Our whole family failed health class

            We had fertility issues.  Of this I have made no secret.  We actually know three other couples who had fertility issues and met with success using precisely the same drug that is responsible for the medical miracle known as Zachary.

            One of those couples is a cousin and his wife.  Feeling some sort of cousinly rivalry, they couldn’t just conceive a child on the same drug we used. No, they conceived twins just a few months after I got pregnant with Benjamin.  Twin boys (who, I might add, were successfully breastfed for a very long time.  I add this because every time I think of it, I gasp in awe of their mother.  I think I would have needed to be catheterized had I breastfed two children at the same time.)

            Well, it seems we are once again in lockstep, because these fools were using the same damned birth control that we were.  With the same results.  When are people going to learn?  A PAST HISTORY OF INFERTILITY IS A LOUSY METHOD OF BIRTH CONTROL.  Write it down, OK?

            So, to our cousins, congratulations.  To the other two couples we know who conceived children on the same drug as we did?  I hope you people are paying attention.

Family rule

            Zachary has been potty trained for more than a year.  During the day, that is.  At night, he still wears a pull-up.  And I suspect he will for a long time to come.

            The fact is that he needs to drink water from a straw cup to fall asleep.  He gave up thumb-sucking at one year old, much to my chagrin, but a year later he started substituting drinking water from a straw.  We eventually had to limit the times he could have the straw cup, because he would use it so much for comfort that he would fill up on water and eat no food.  Now, he gets his straw cup in bed, during books, and during television time. 

            On nights he does not fall asleep quickly, he keeps sucking away, and that pull-up is pretty necessary when he has had 20 ounces of water right before bed.  Even when we lift him to the toilet twice, he wets.  If we don’t lift him, he wakes up an hour or two before he should, needing to go to the bathroom.  We have been known to get up in the night just to lift him, so dedicated are we to late mornings.

            So, though he shows the signs of a child ready to nighttime train – waking early to pee, for example – his water habit is holding him back.  We have, as we see it, two choices: break him of the cup or keep putting a three-and-a-half-year-old in pull-ups.

            We do not want to break him of the cup.  If he really needs it for comfort, we do not want to take it away.  Though he is too old to need diapers, he is clearly still a very little person who does need the comfort of his cup.  Childhood is brief enough without Mommy and Daddy cutting it short.
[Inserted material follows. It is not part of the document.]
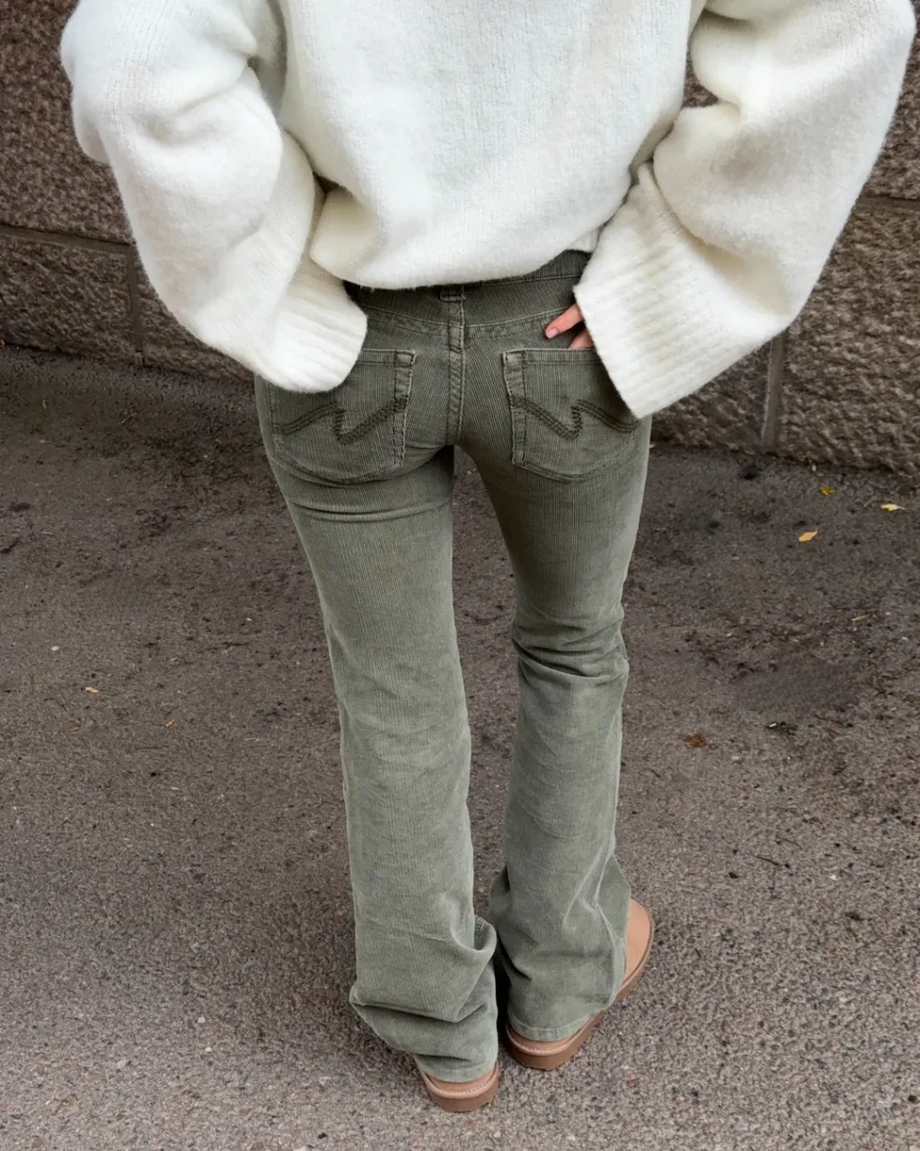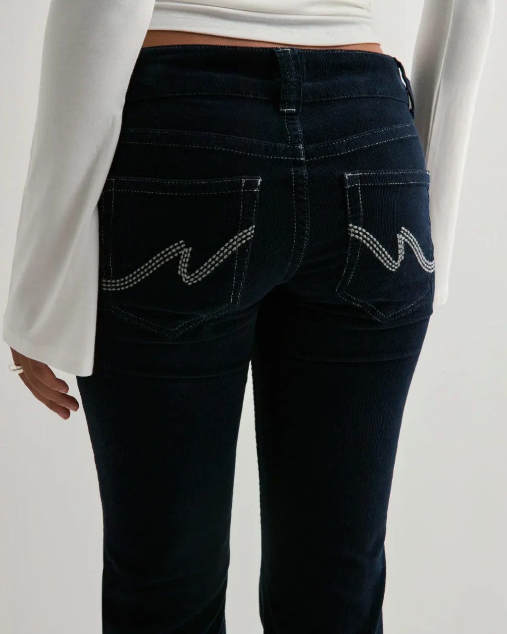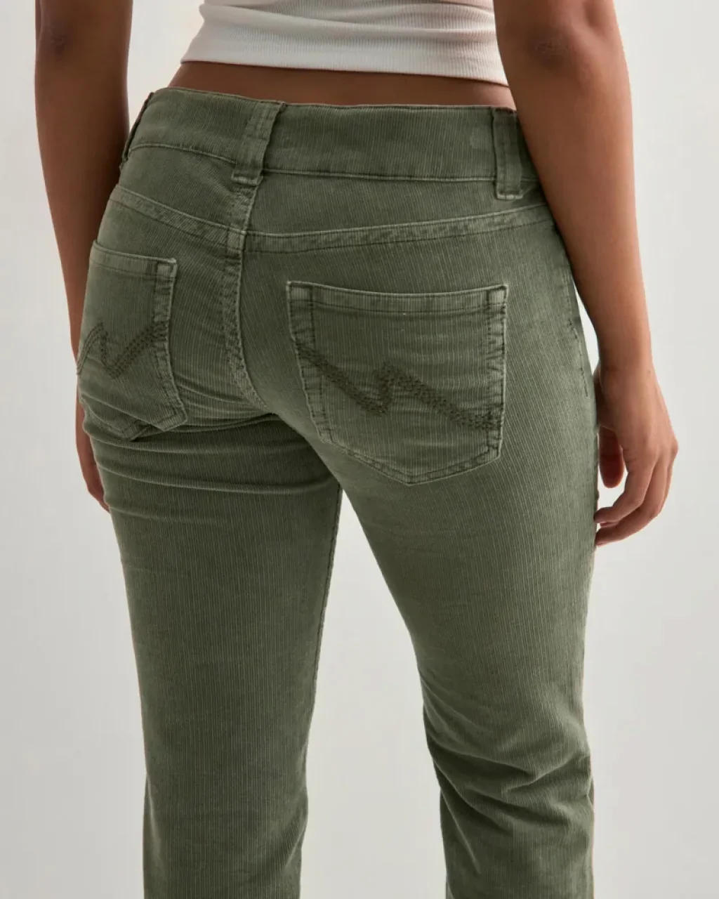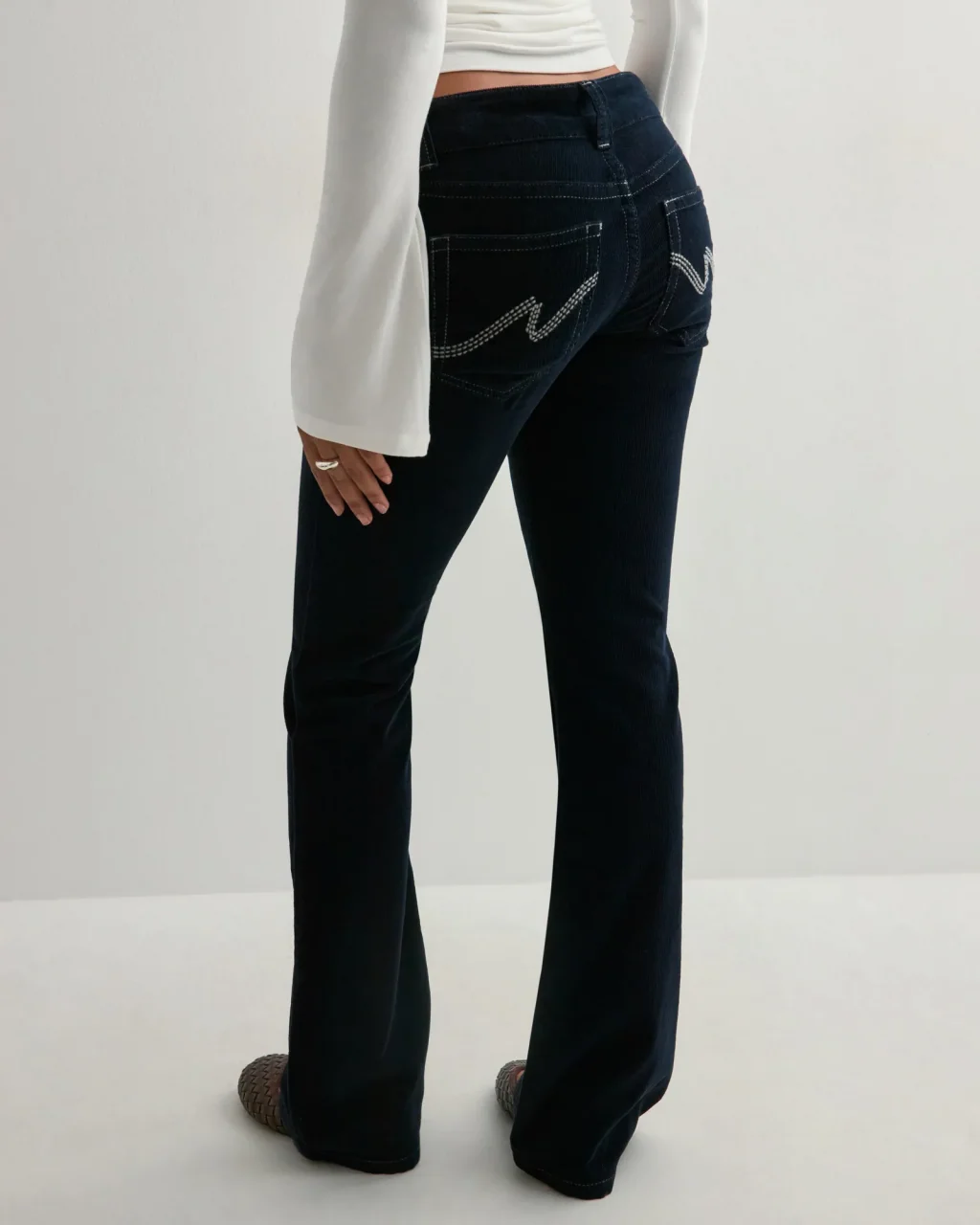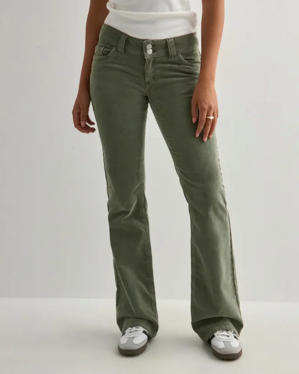 Bej kadife düşük bel bootcut pantolon, 2000’ler estetiğini modern bir yorumla sunan Mokşa’nın yeni sezon favorilerindendir. Kadife kumaşın tok ve pürüzsüz dokusu, bacak hattını vurgularken aynı zamanda zarif bir parlaklık kazandırır.

            On days he naps, he wears a pull-up, even though he never wets in the afternoon.  He just isn’t comfortable sleeping in underpants.  And so, on the way back from Fresno, knowing he would sleep in the car after lunch, I took him to the bathroom at Denny’s to change him into a pull-up.

            “Mommy,” he began.  “We came to this restaurant before.”

            “Not this one, Zachary.  We went to the Denny’s in Santa Monica.  There are lots of Denny’s out there.  They’re ubiquitous.”  Suddenly, we were in a teaching moment, because I had used a word he did not know.  And this is how I found myself in the bathroom at Denny’s, putting a three-and-a-half-year-old into a pull-up, and defining the word “ubiquitous.”  And that is how I found myself, the next day, being informed that people, elephants, and hair are ubiquitous.

            “Silly!  Elephants aren’t ubiquitous.  Do you see elephants anywhere?”

            “Elephants are abiquitous on TV,” he corrected me, which is quite true when you consider that we have been watching Dumbo.

            And that is how, two days later, J found himself on the phone at work while Zachary was eating breakfast.  “I’m having a muffin.  The blueberries are abiquitous.”

            And, that is also how our family came to have the following new rule, unenforceable with Zachary but applicable to the following two children: No one will be considered ready to learn the word “ubiquitous” until he or she is out of training pants.

            

Because you asked

            I am moorless.  I am floating without any place to tie me down.  I go on, day to day, and the kids are fed and bathed, but I am empty of definition.

            When I first married, I changed my name, on the principle that if I was going to have the same last name as a man, it may as well be one I actually liked.  After a few months, my maiden name no longer felt like it belonged to me, but my married name still felt like clothes with the tags on. 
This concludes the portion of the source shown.